Эри всхлипнул в который раз, впервые жалея о невозможности обнять любовника, и как можно крепче обвил ногами его талию, охотно подавшись вперед бедрами. Чужая твердая и удивительно горячая плоть вошла в него легко, тут же погрузившись до основания, и в этот самый момент шартаасс его укусил.
Но Эри не почувствовал боли, когда длинные иглы вонзились в шею, только легкое головокружение. Он лишь откинул голову, позволяя шартаассу делать все, что ему заблагорассудится, и сжимал коленями его бедра, насаживаясь на член любовника в том ритме, который он задал.
Весь мир отчего-то вдруг растворился в багровой пульсации ритма, в котором двигались их тела, и все, что было ниже пояса, заполыхало огнем, особенно жгло поясницу. Эри знал, что такое невозможно – это ведь не оттого, что он так сильно возбужден. Вот что его пугало, но как следует поддаться страху он не мог, потому что… Потому что сильные руки обнимали его бережно и крепко, потому что дыхание шартаасса опаляло шею и губы, потому что в нем была его плоть, и казалось, что только эти восхитительные ощущения удерживают его здесь, на земле. Что он один владеет его душой в эти мгновения. И это было… удивительно. Волшебно.
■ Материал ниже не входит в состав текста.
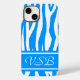 Funda De Case-Mate Para iPhone Impresión de cebra azul claro con monograma
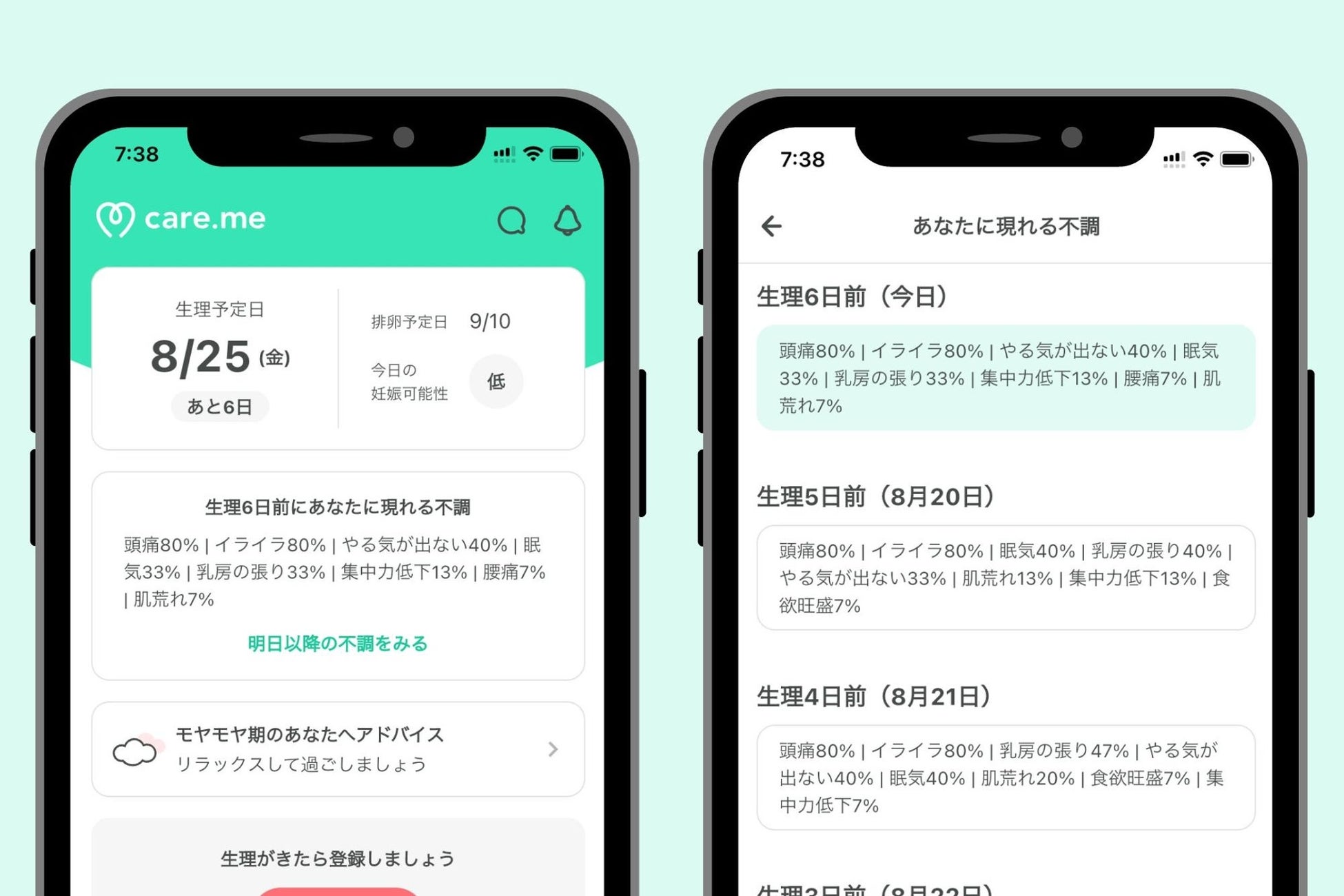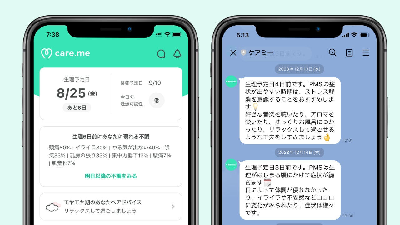 (※1)プレスリリース「PMSの対策アプリ「ケアミー」利用者数60万人を突破!憂鬱な生理前を変えるフェムテック、男性からも支持」(https://prtimes.jp/main/html/rd/p/000000004.000042562.html)
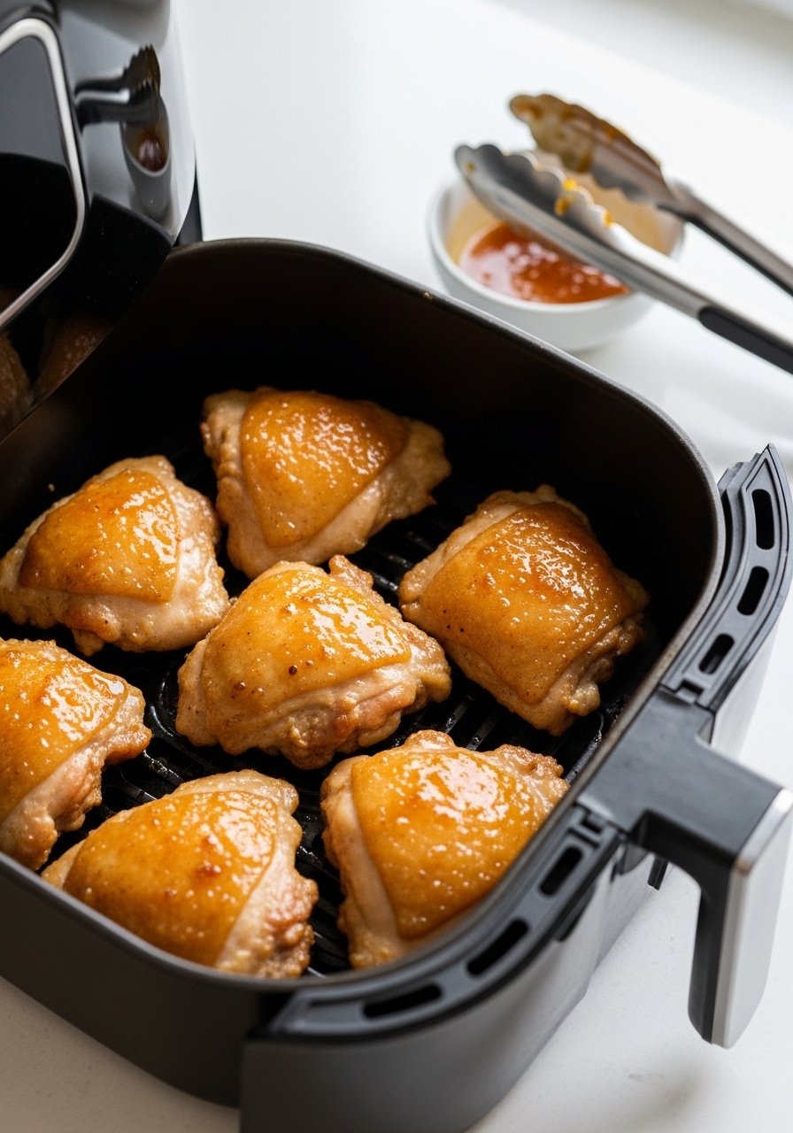 - Place thighs skin-side down in the basket, spaced (cook in batches if needed).

В какой-то момент Эри понял, что руки его больше уже ничего не держит, и смог наконец сорвать повязку с глаз и обхватить ладонями склонившееся над ним лицо. В комнате царил полумрак, и в неверном свете, который отбрасывало пламя в камине, он сумел наконец разглядеть своего любовника. Знакомый шрам на щеке тут же бросился в глаза. Только один шартаасс во всем Лахадре мог носить такой шрам. Эри на мгновение крепко зажмурился, но не оттолкнул, наоборот, почему-то что есть силы обнял за шею и притянул к себе. Шартаасс и не сопротивлялся, шепча ему: «Прелесть».
И в его объятиях Эри впервые познал удовольствие – сокрушительное, яркое, затопившее все его существо, взорвавшееся в голове брызгами багрово-алого, нарастающее в ушах сдвоенным пульсом. Его собственным и брата Мердока.
Он чувствовал, как внутри пролилось его семя, чувствовал, как между ними стало липко и немного мокро от его собственного, но все это почему-то прошло мимо него и не имело значения. Ничего не имело значения, кроме того, что его обнимают так нежно, так трепетно и вместе с тем так собственнически.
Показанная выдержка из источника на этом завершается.